Yes, I'd already thought of that… but I could really do with someone who knows more about CSS commenting on whether my solution is elegant before I declare it to the world in a bigger way. Anyone…. please….?
I've been pondering the issue of the search box and account status information. I'm guessing that these are something I have no control over. The CSS can be used to change their appearance and even hide them, but not to actually remove them. Anyone know if I'm right about that?
Phil, could you do me a favour and see if the text-to-speech browser you used recognises the link/anchor in the sidebar?
Oh, I should say that I did have one further thought about a useful approach - but I couldn't make it work… I wondered about putting internal page navigation links (perhaps just one to the end of the sidebar) in the top menu bar (because structurally this appears early in the page).
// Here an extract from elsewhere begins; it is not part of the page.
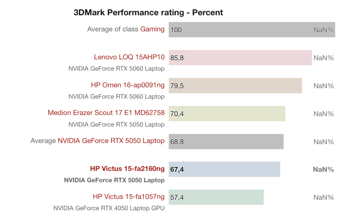 Kết quả 3DMark cho thấy RTX 5050 trên HP Victus 15-fa2160ng đạt 67.4%, thấp hơn một chút so với mức trung bình của dòng RTX 5050 (68.8%). So với các đối thủ, Medion Erazer Scout 17 E1 với cùng GPU đạt 70.4%, nhỉnh hơn Victus 15 vài phần trăm.

But due to the funny/limited syntax that this uses I couldn't get it to work.
For anyone already well informed about CSS etc: the main technical bit of the solution so far (assuming it's working) has been to put the following code at the start of the sidebar:
[[image /nav:side/Skip-navigation.gif link="#EN" alt="Skip navigation controls"]]
And the anchor at the end of the sidebar:
There might be a better solution - if the link at the start of the sidebar was text normally hidden with CSS (using the visibility or display properties). The current solution should work for people using text-to-speech but isn't apparent for someone just magnifying the text (having switched the CSS off - or using their own stylesheet) because the Skip-navigation.gif graphic is only one pixel and doesn't appear as any bigger than a dot. I want to know a bit more about the limitations of older browsers before I implement that though - because at least the current solution shouldn't mess up the visual appearance (whereas hidden text might have the habit of appearing accidentally).